One can say that the first wave of imperial “neocons” was not the group that got the U.S. into the Iraq War (2003) but the group described by Warren Zimmerman in his classic book on the rise of the American Empire from the 1890s onwards:
First Great Triumph
How Five Americans Made Their Country a World Power.
Illustrated. 562 pp. New York: Farrar, Straus & Giroux
“Americans like to pretend that they have no imperial past,” Warren Zimmermann tells us in First Great Triumph: How Five Americans Made Their Country a World Power. But they do.
The United States had been expanding its borders from the moment of its birth, though its reach had been confined to the North American continent until 1898, when American soldiers and sailors joined Cuban and Filipino rebels in a successful war against Spain. When the war was won, the United States acquired a “protectorate” in Cuba and annexed Hawaii, the Philippine Islands, Guam, Puerto Rico and Hawaii. “In 15 weeks,” Zimmermann notes, “the United States had gained island possessions on both the Atlantic and Pacific sides of its continental mass. It had put under its protection and control more than 10 million people: whites, blacks, Hispanics, Indians, Polynesians, Chinese, Japanese and the polyethnic peoples of the Philippine archipelago.”
John Hay, at the time the American ambassador to Britain, writing to his friend Theodore Roosevelt in Cuba, referred to the war against Spain as “a splendid little war, begun with the highest motives, carried on with magnificent intelligence and spirit, favored by that Fortune which loves the brave.” He hoped that the war’s aftermath would be concluded “with that fine good nature, which is, after all, the distinguishing trait of the American character.” More than a century later, we are still asking ourselves just how splendid that little war and its consequences really were.
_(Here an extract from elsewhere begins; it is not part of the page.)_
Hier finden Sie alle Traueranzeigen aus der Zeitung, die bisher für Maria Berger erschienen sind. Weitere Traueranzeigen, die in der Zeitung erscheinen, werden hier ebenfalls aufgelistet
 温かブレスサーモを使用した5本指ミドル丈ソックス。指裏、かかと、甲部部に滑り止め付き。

Zimmermann, a career diplomat and a former United States ambassador to Yugoslavia, begins his brilliantly readable book about the war and its aftermath with biographical sketches of the five men — Alfred T. Mahan, Theodore Roosevelt, Henry Cabot Lodge, John Hay and Elihu Root — who played a leading role in making “their country a world power.”
Ironically, it turns out that any reader of Joseph Conrad’s (died in 1924) famous novel Nostromo from 1904 would have encountered the “manifesto” of the American Empire, very clearly enunciated by one of the characters in the novel:
“Time itself has got to wait on the greatest country in the whole of God’s universe. We shall be giving the word for everything; industry, trade, law, journalism, art, politics and religion, from Cape Horn clear over to Smith’s Sound (i.e., Canada/Greenland), and beyond too, if anything worth taking hold of turns up at the North Pole. And then we shall have the leisure to take in hand the outlying islands and continents of the earth.
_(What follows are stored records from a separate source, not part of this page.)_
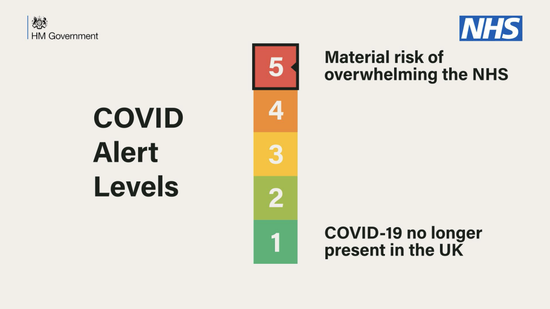 Level One means the disease is no longer present in the UK and Level Five is the most critical – the kind of situation we could have had if the NHS had been overwhelmed。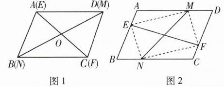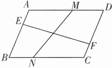 14 推理能力 如图,四边形ABCD为平行四边形,点M从点D运动到点A与点N从点B运动到点C的速度相同,点E从点A运动到点B与点F从点C运动到点D的速度相同,连接EF,MN.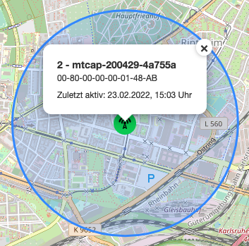Beim Klicken auf ein Gateway oder Sensor werden der Name, die ID und der Status des Objektes angezeigt. Beim Status wird unterschieden zwischen: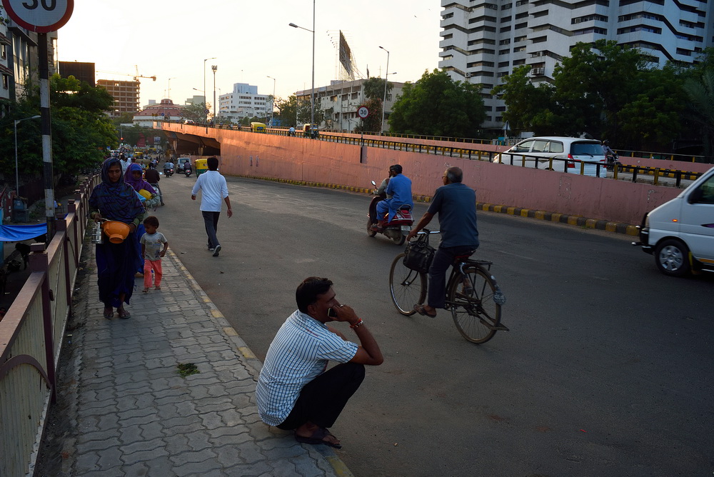 They were never here during the Congress’s rule you know. Only once Bajpah (BJP) came into power did we start seeing these people crowd the narrow lanes. Now all one has to do is pay hafta (protection money) to the guys in Gandhinagar (the capital of Gujurat) and they will let you set up shop wherever. You see that road there? It used to be a one way when Congress was in power. Look at it now. Pay hafta and you can set up whatever you want.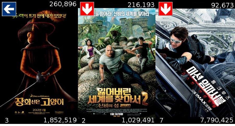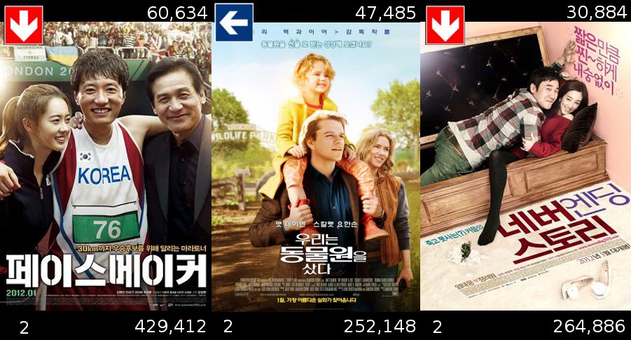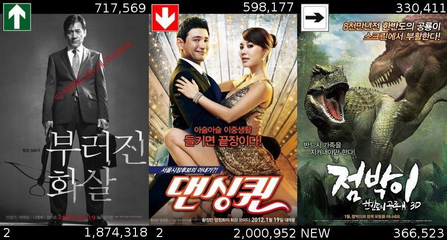 Les bottes du chat restent bien ancrées en quatrième place alors que Voyage au centre de la Terre 2 perd deux places cette semaine mais dépasse le million d’entrée. Ethan Hunt continue sa chute tout en espérant atteindre les 8 millions de spectateurs. Les autres sorties coréennes perdent aussi du terrain, Pacemaker perd une place et Never Ending Story en perd deux laissant Nouveau Départ (We bought a zoo) en 8ème position comme la semaine dernière.

“We shall run the world’s business whether the world likes it or not. The world can’t help it—and neither can we, I guess.”
Joseph Conrad, Nostromo, Penguin Books, 2007, pages 62/63
The political stances of Conrad which seem so denunciatory of imperialism here in Nostromo seem very disrespectful of Africans in his Heart of Darkness as Chinua Achebe (Nigerian novelist, author of Things Fall Apart) and other Africans have shown and decried. Thus one sees layer upon layer of contradiction both in American empire-mongering and Conrad’s anticipation of it in his novel Nostromo.